When I was in high school in New Jersey, anything "underground" was in. I got my start in journalism writing for my high school's underground newspaper and I listened almost exclusively to underground radio. The only radio that I listened to that was not underground was about as aboveground as you get—WOR 710 on the AM dial. I did not listen to "Rambling with Grambling; instead with a transistor radio under my pillow, I absorbed Jean Shepherd, whose lack of discernable format was a pioneering effort in what was to become known as freeform radio.

The Jersey 'burbs were, and still are, home to many small colleges with small radio stations. One of those stations was WFMU, and while it is no longer affiliated with a college and it is in no sense small, it has not lost its edge. It is arguably the best freeform radio station in the world and it acknowledges its debt to Jean Shepherd with occasional rebroadcasts of his classic radio shows. While many of WFMU's shows sound like the sort of thing that me and my friends would have hacked together on an open-reel tape deck back in the Sixties, that makes sense considering that one of us, another Shep fan, served two stints as WFMU's station manager.
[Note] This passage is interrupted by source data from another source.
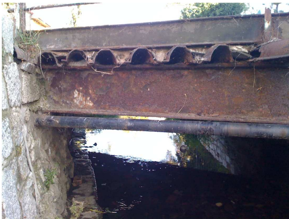
Fot.4 Widok od strony górnej wody na bok konstrukcji przy przyczółku
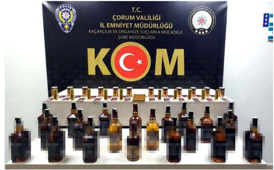
Kaçak alkol operasyonunda 1 kişi gözaltına alındı.

Gözaltına alınan şahsın emniyetteki işlemleri sürüyor. (Haber Merkezi)
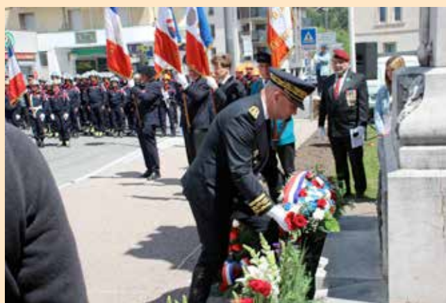
Le préfet des Hautes-Alpes dépose une gerbe au pied du monument aux Morts.

Le 8 mai 2026, la commémoration de la victoire sur le nazisme a rassemblé quelques dizaines d'Embrunaises et d'Embrunais, les autorités civiles, militaires et religieuses, avec la participation d'un détachement en nombre des sapeurs-pompiers ainsi que la musique municipale. Le préfet Philippe Bailbé était aux côtés de Chantal Etméoud, maire d'Embrun.
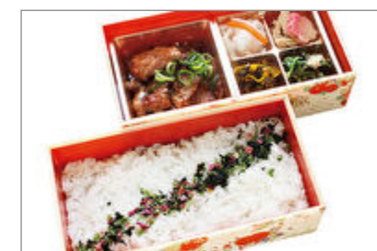
特選 中落ちカルビ弁当 1,800円(税込1,944円) / 品番:KKDD030 お茶付き
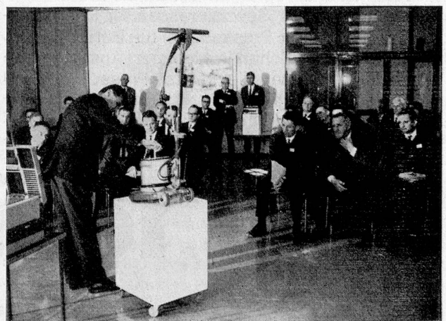
Demonstrationen im Schulungszentrum
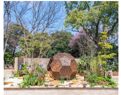
Fukuoka Flower Show 2026の様子
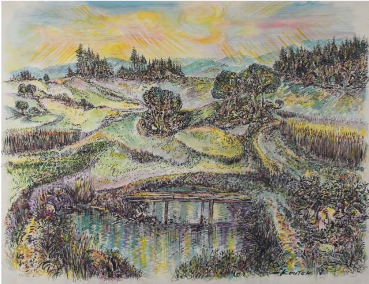
Landschaft, Feder, Aquarell, Tusche / Papier, 50x65cm
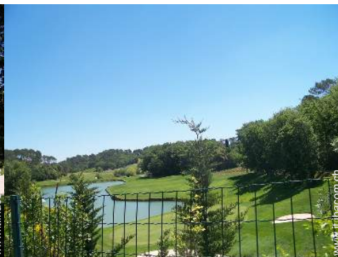
percorso di golf 18 buche
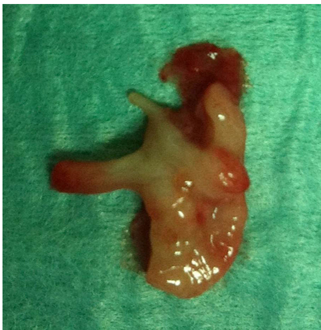
Figura 3 Peça operatória. A seta indica um pólipo intraureteral.

mesodérmica, que correspondem a projeções da mucosa compostas por estroma fibroso coberto por urotélio 2 , que podem ocorrer em todo o aparelho urinário. A localização mais comum destes pólipos é a JPU e o ureter proximal, seguidos da uretra posterior e do ureter médio e distal 3 . Outros tumores benignos menos comuns são os leiomiomas, papilomas, hemangiomas, linfangiomas, granulomas ou fibromas. São mais frequentes no sexo masculino e do lado esquerdo 3-5 . Podem ser únicos ou, mais frequentemente, múltiplos 6 .
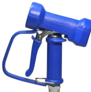
AKCNP01-B blauw AKCNP01-W wit AKCNP01-W-U* wit
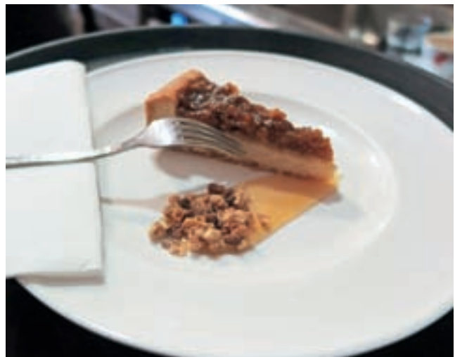
Pita s figami

V centru starega Kranja, v Bistrotju Sonet, so poleg Prešernovega kosila ponujali tudi zanimivo, prav posebno Prešernovo sladico. Do zadnjega niso razkrili, kaj to bo, na Prešernov dan pa smo ugotovili, da gre za pito s figami,

WFMU is one of a small group of radio stations that merits a slot in my Winamp radio station playlist. My adult reintroduction to the stations began a few years while I was driving down the Garden State Parkway and came across their Antique Phonograph Music Program, which plays truly acoustic recordings on wax cylinders and such like including novelty tunes that my father used to sing to me.

Then, several Fridays ago, it happened. I actually managed to get all my work for the week done by Friday evening and so I fired up Winamp for entertainment. This time WFMU wasn't playing music from my parent's youth, it was playing music from my own youth. And it wasn't playing the usual exotic public radio stuff, it was playing bright music, pop music, music with a hook that would lodge inside one's brain for days. I had discovered "Pseu's Thing With a Hook." Life has not been the same since.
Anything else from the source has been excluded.